И перед самой кончиной Станиславский работал, не думая о ней. Он верил, что смертью прерывается, но не завершается путь человека. В его книгах, поздних письмах, статьях встречаются изредка рассуждения о земных сроках, но нет слов о смерти — он просто не считал нужным сосредоточиваться на мыслях о ней… И не был он никогда ни скучным ментором, ни унылым пуристом, ни сухим догматиком, ни вздорным капризным деспотом. Таким его пытались представить враги, которых имелось с избытком при жизни, не убавилось после смерти, да и в наше время число недругов великого художника (нередко в масках друзей) не иссякает. Невероятная строгость и серьезность в нем сочетались с любовью к шутке, юмору, к радостям жизни (но обязательно надо уточнить — к чистым радостям).
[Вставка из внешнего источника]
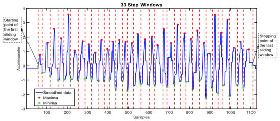 Graph to show the implementation of a maxima and minima step-counting algorithm that counts step number based on the number of steps windows detected. Each red line indicates the stopping point of each step window and the start of the next corresponding window, the length of time between each red vertical line indicates the step window size [142]. This figure was produced by Ho N et al. (2016) and was taken with no changes made, used as part of the Creative Commons Attribution International 4.0 License [92,142].

Ученый, теоретик, дознавшийся до самых глубин духовной сущности искусства, соединялся в нем с фантазером, выдумщиком, обожавшим «придумывать чертовщину», увлекавшимся фантастикой на сцене, мечтавшим на склоне лет о «потрясающей, оглоушивающей, осеняющей неожиданности» на сцене, об игре, которая «прекрасна своим смелым пренебрежением к обычной красоте… своей смелой нелогичностью, ритмична аритмичностью, психологична своим отрицанием обычной общепринятой психологии… сильна порывами… нарушает все обычные правила».